**INFORMATION PROVIDED:**
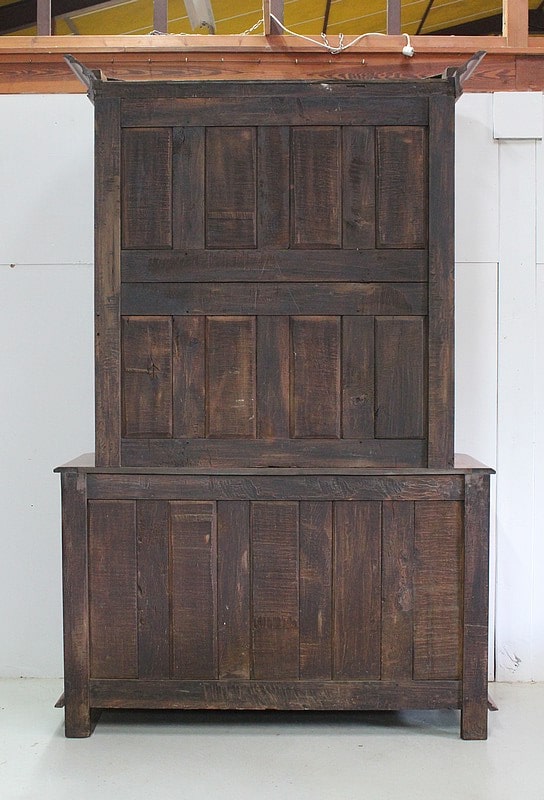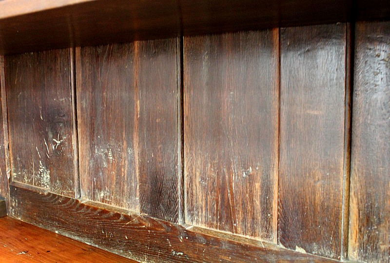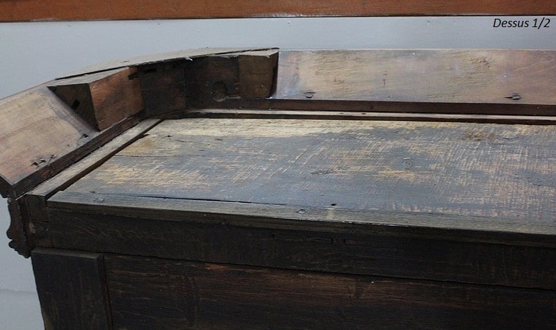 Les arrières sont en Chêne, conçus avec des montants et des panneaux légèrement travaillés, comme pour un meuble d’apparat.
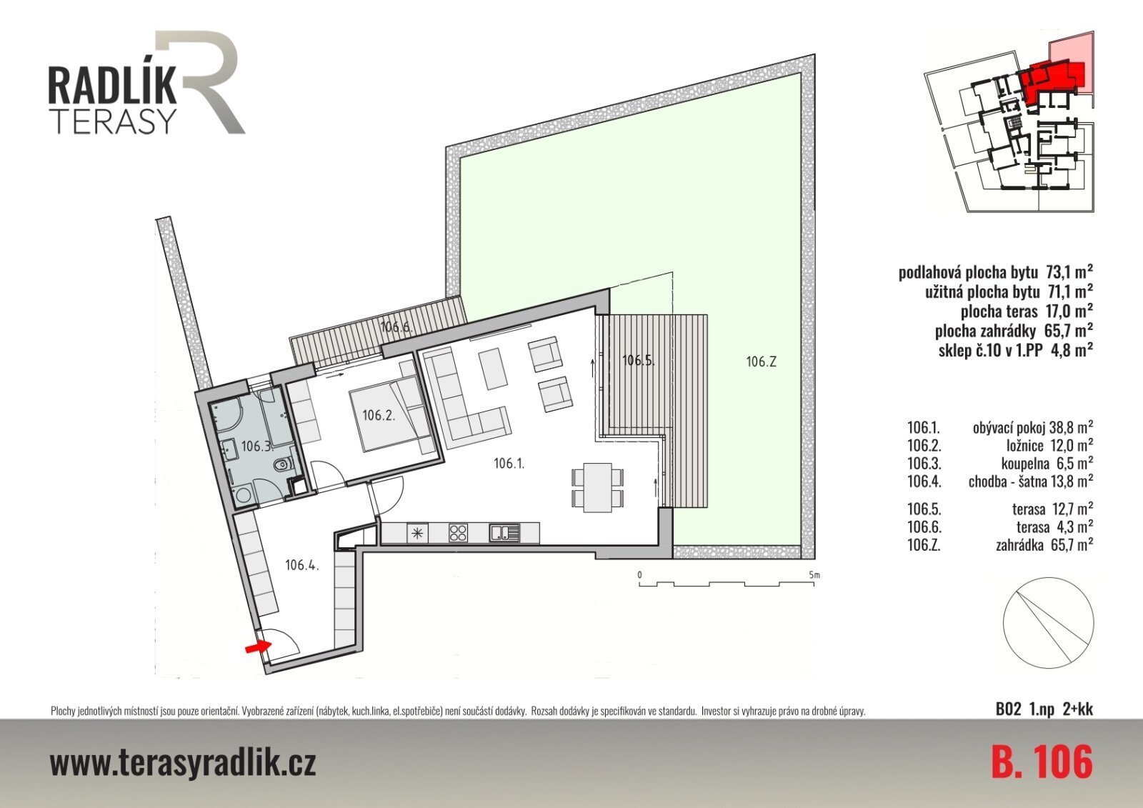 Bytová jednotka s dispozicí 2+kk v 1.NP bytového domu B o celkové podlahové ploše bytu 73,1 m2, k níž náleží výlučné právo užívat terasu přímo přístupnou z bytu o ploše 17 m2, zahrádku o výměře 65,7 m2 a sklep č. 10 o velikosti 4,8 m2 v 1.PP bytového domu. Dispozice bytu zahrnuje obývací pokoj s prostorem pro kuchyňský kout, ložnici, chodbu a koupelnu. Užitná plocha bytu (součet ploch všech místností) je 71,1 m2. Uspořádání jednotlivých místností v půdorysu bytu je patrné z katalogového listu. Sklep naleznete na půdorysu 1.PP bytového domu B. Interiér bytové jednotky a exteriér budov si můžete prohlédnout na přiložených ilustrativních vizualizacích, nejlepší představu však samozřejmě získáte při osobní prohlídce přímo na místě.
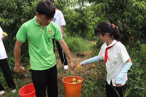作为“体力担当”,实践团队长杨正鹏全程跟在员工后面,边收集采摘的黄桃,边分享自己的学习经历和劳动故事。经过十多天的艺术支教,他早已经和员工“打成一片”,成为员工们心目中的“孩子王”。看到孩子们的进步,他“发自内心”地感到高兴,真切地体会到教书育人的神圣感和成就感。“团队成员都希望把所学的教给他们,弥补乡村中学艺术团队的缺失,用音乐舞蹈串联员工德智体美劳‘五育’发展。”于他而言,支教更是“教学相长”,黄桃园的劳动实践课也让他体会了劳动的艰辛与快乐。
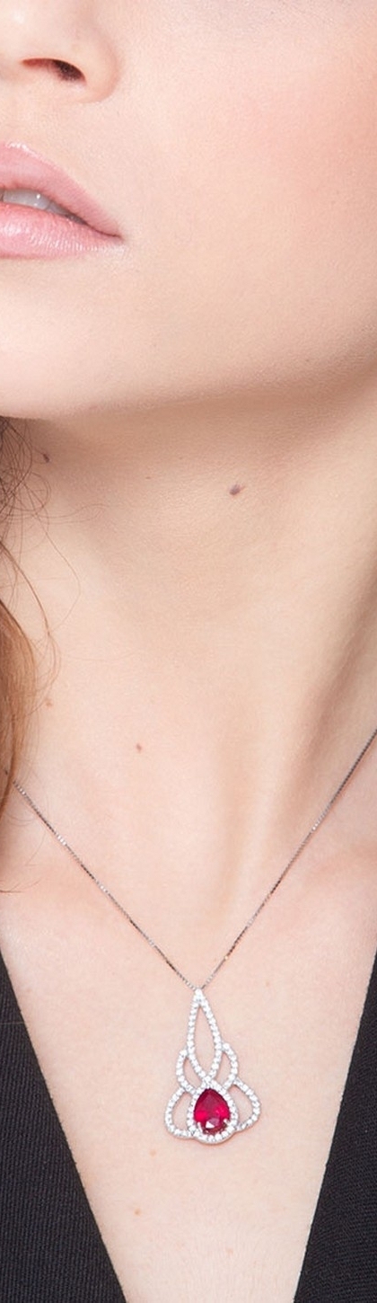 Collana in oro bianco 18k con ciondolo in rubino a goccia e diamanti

**YOUR TASK:**
Full transcription of the material, exact in every line, without images.

**REPLY TO THE TASK:**
 Les arrières sont en Chêne, conçus avec des montants et des panneaux légèrement travaillés, comme pour un meuble d’apparat.
 Bytová jednotka s dispozicí 2+kk v 1.NP bytového domu B o celkové podlahové ploše bytu 73,1 m2, k níž náleží výlučné právo užívat terasu přímo přístupnou z bytu o ploše 17 m2, zahrádku o výměře 65,7 m2 a sklep č. 10 o velikosti 4,8 m2 v 1.PP bytového domu. Dispozice bytu zahrnuje obývací pokoj s prostorem pro kuchyňský kout, ložnici, chodbu a koupelnu. Užitná plocha bytu (součet ploch všech místností) je 71,1 m2. Uspořádání jednotlivých místností v půdorysu bytu je patrné z katalogového listu. Sklep naleznete na půdorysu 1.PP bytového domu B. Interiér bytové jednotky a exteriér budov si můžete prohlédnout na přiložených ilustrativních vizualizacích, nejlepší představu však samozřejmě získáte při osobní prohlídce přímo na místě.
作为“体力担当”,实践团队长杨正鹏全程跟在员工后面,边收集采摘的黄桃,边分享自己的学习经历和劳动故事。经过十多天的艺术支教,他早已经和员工“打成一片”,成为员工们心目中的“孩子王”。看到孩子们的进步,他“发自内心”地感到高兴,真切地体会到教书育人的神圣感和成就感。“团队成员都希望把所学的教给他们,弥补乡村中学艺术团队的缺失,用音乐舞蹈串联员工德智体美劳‘五育’发展。”于他而言,支教更是“教学相长”,黄桃园的劳动实践课也让他体会了劳动的艰辛与快乐。
 Collana in oro bianco 18k con ciondolo in rubino a goccia e diamanti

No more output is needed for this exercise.